Wednesday, January 26, 2011

As Always...Two Steps Forward, One Step Back

I fear that the last time I posted with overconfidence on the subject of Ruby getting off of her feeding pump. Everything had been going along fine until we hit 8 oz boluses. We had been increasing the amount by 1 oz per bolus every week and she had NO difficulties. Then we hit 8 and she started projectile vomiting. After a few more attempts it was clear that it was not going to happen so we backed down to 7 oz. But ever since we tried 8 and she vomited, she has been grunting and straining to push the food back out of her stomach and into the syringe which have turned feedings into a complete struggle. So now we are back down to 4 oz boluses...where we started. And she still has some trouble allowing those feeds to go in smoothly :(

All of this has got me down. Really down. I was so happy about her reaching the 8 oz goal. It meant no more feeding pump...EVER. But that is not the case. And worse it seems like we might have ruined the whole bolus feeding experience for good. I'm afraid this has worsened her oral aversion as well. She seems to think it a negative thing when her tummy starts feeling full, which was the exact opposite intention of switching to boluses.

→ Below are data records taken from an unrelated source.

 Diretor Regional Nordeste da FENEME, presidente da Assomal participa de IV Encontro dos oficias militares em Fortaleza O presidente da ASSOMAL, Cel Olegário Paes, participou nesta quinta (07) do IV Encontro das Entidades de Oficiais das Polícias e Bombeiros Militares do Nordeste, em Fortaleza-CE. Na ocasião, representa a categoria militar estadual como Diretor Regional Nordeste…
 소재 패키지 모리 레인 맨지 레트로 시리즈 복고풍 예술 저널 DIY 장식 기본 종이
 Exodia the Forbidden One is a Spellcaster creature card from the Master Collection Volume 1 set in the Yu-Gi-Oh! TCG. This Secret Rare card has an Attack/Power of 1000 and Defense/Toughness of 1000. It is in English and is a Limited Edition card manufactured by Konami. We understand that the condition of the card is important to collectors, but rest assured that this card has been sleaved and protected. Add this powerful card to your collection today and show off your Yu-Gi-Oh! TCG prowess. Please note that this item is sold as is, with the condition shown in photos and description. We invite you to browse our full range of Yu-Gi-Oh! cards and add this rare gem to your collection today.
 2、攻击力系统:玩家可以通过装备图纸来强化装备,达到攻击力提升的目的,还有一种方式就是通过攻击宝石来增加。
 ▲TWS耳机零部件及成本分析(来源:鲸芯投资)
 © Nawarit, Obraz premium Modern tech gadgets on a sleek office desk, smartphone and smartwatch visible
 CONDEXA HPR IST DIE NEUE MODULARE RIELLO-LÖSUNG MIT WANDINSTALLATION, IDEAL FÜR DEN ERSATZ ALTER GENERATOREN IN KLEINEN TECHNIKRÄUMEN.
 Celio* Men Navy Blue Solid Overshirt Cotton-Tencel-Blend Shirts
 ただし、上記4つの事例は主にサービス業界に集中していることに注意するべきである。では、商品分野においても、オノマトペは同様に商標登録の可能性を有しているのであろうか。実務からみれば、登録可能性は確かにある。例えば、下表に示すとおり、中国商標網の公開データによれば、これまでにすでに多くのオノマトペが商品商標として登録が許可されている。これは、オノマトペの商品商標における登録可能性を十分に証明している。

She has not been eating much at all these last few weeks. It's been a big deal if we can even get her to taste again. Sadness all around.

I'm really really hoping these changes won't stick and that she'll get back on track with her feedings and with eating soon. It's so hard to see her falter and not know what to do to help her. I'm tired of it. Tired of every meal being a battle. Every feeding a nightmare. I know I should be grateful for the progress she has made and rejoice in things like her being off of the pump during the day, but right now I'm just bummed. It never seems to get any easier even when it does. She is dealing with food so much better than she was this time last year and yet the distance between how she interacts with food versus most other children still feels so very far.

Anyways, I don't have too much time to edit this or finish off in a nice way...just wanted to explain what's been going on lately. Let's hope for better days soon.

Thursday, January 13, 2011

Sassy Toddler Syndrome

Last week was rough. Ruby became a toddler last Wednesday...seriously it happened that quickly. Because of her chromosome deletion I'm always on the lookout for behavioral disorders. And as much as I HATE to put her in that box and slap a label on the outside, it's so hard not to. I was so stressed those first couple days. And when stressed I become vulnerable. Susceptible to ideas like, "draw a hard line with your child," "set strict boundaries," "be rigid with discipline." But I know that I am not that mom. That's just not who I am. I am not a screamer. I am not strict. I am quiet...most of the time. And I am flexible. That is how I am going to parent my child.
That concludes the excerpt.